The best thing for headlights is to sand and buff them out, then ceramic coat them. Clear coats ALWAYS peel on plastic headlights, within a couple years, if not sooner... ceramic coatings don't. If anything, sand and buff once and wax twice a year with a good product.
Anything from the 5 minute crafts channel should be treated as complete fabricated garbage. Those guys make up all kinds of ridiculous things and fake their results and somehow they're still allowed to stay on Facebook and TikTok and other platforms.
My not so cool but functional "hack" for keeping your undercarriage rust-free is a general purpose rust prevention mix made by PPG, called "Oskar 3 in 1 straight over rust" (converter + primer + paint). It's a bit pricey but worth every penny, I spayed it all over the underside of my Toyota pick-up and it's still spotless 3 years later with no further treatments/coatings.
Just want to throw in that heating the plastic like that makes it very brittle.

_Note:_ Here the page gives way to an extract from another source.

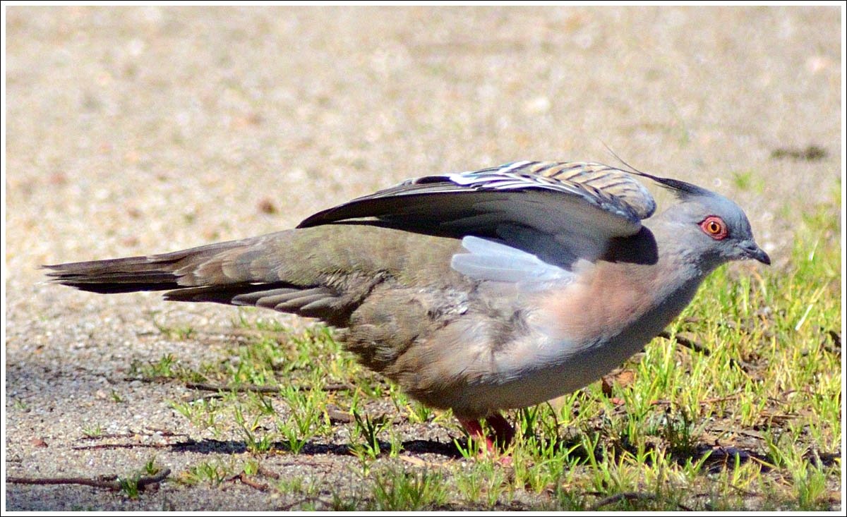 Crested Pigeon having a stretch.

I’ve known quite a few people who’ve done it to old fourwheeler and dirtbike plastics and it always cracks pretty quickly after
Re: the last clip my dad was a textile dyer and some of the stuff he could do was amazing. Match colour=expert, Darken fabric to match sample=wizard/computer. My dad could lighten fabric to match sample=god tier (computer couldn't do it)

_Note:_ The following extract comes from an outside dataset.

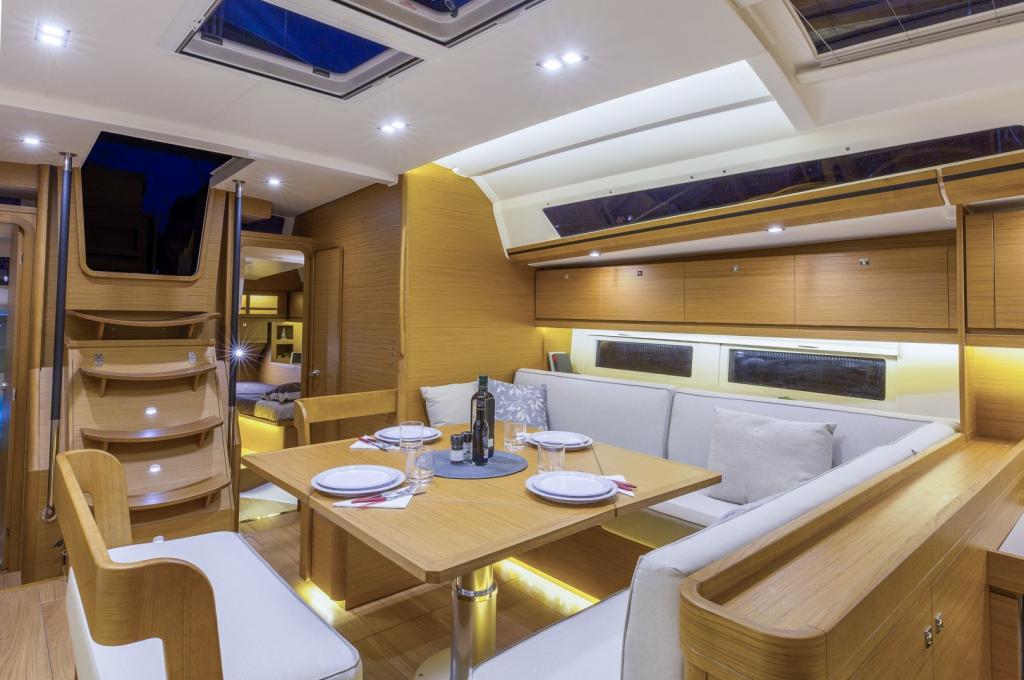 | Outside | 220 V-Landanschluss, Badeleiter, Badeplattform, Biminitop, Cockpitdusche warm/kalt, Cockpitlautsprecher, Cockpitpolster, Cockpittisch, elektr. Ankerwinsch, Selbstholende Winschen, Sprayhood, Teak im Cockpit |

The secret for fogged headlights is "OFF" insect repellant. Tape off the trim and paint near the headlight lens and spray. Let it sit on there for 10-20 seconds and wipe off (no pun intended) and you will be amazed. Seriously, don't spray it on your paint or rubber trim. Just think what it does to your skin. LOL
Literally ANYTHING from 5-minute crafts is complete trash, and should not be taken seriously. Hell, in some cases, the shit they put up is legit dangerous.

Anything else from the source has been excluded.